It’s quiet these days on a Sunday afternoon in the streets of Dongguan, where almost every block outside the center is a factory or housing for workers. A red banner advertising for staff above one plant says it has enough orders to keep production lines busy for a year. Locals say the sign has been there at least two years and it’s no longer true.
Only a few years ago, things were very different. Even on Sunday, the streets were busy and the chimneys were spewing pollution. The city was the epicenter of China’s export boom. Built largely with money from Taiwan, Dongguan sprang up between Shenzhen and Guangzhou making toys, furniture, shoes, mobile phones, everything.

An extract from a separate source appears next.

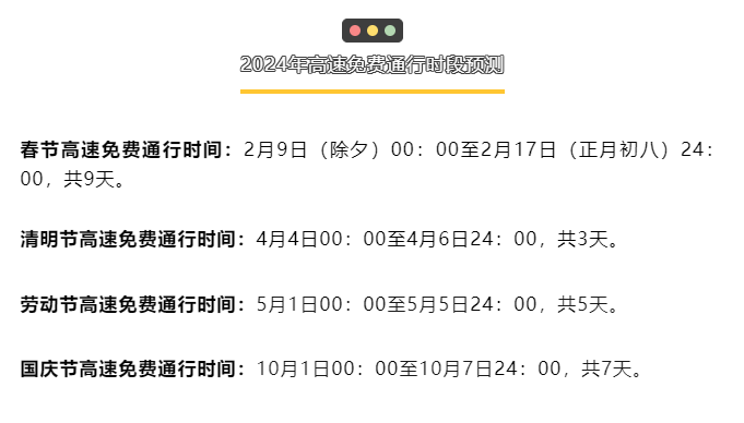 中国高速公路微信公众号也发布了2024年高速免费通行时段预测

Almost all of the 8 million people in the city came from somewhere else in China, apart from the 720,000 children born since they arrived. Many, like factory worker Yu, made it their home. Now she is considering moving back to Chongqing in the center of China, which she left 20 years ago.
“This is the worst time ever,” said Yu, who saw her earnings almost triple during her time in the province. “The factories hurt by the 2008 financial crisis were the smaller ones, but this time the big ones are affected. My friends in Chongqing have been telling me that the development there is flourishing, and they have been trying to convince me to go back. Maybe it’s time for a change.”
Yu works at a clothing factory that supplies western brands. A year ago, more than 2,000 workers filled the gray dormitory block behind the production buildings. Now, only about 100 employees remain after the owner transferred most of the production to cheaper Southeast Asian countries like Vietnam.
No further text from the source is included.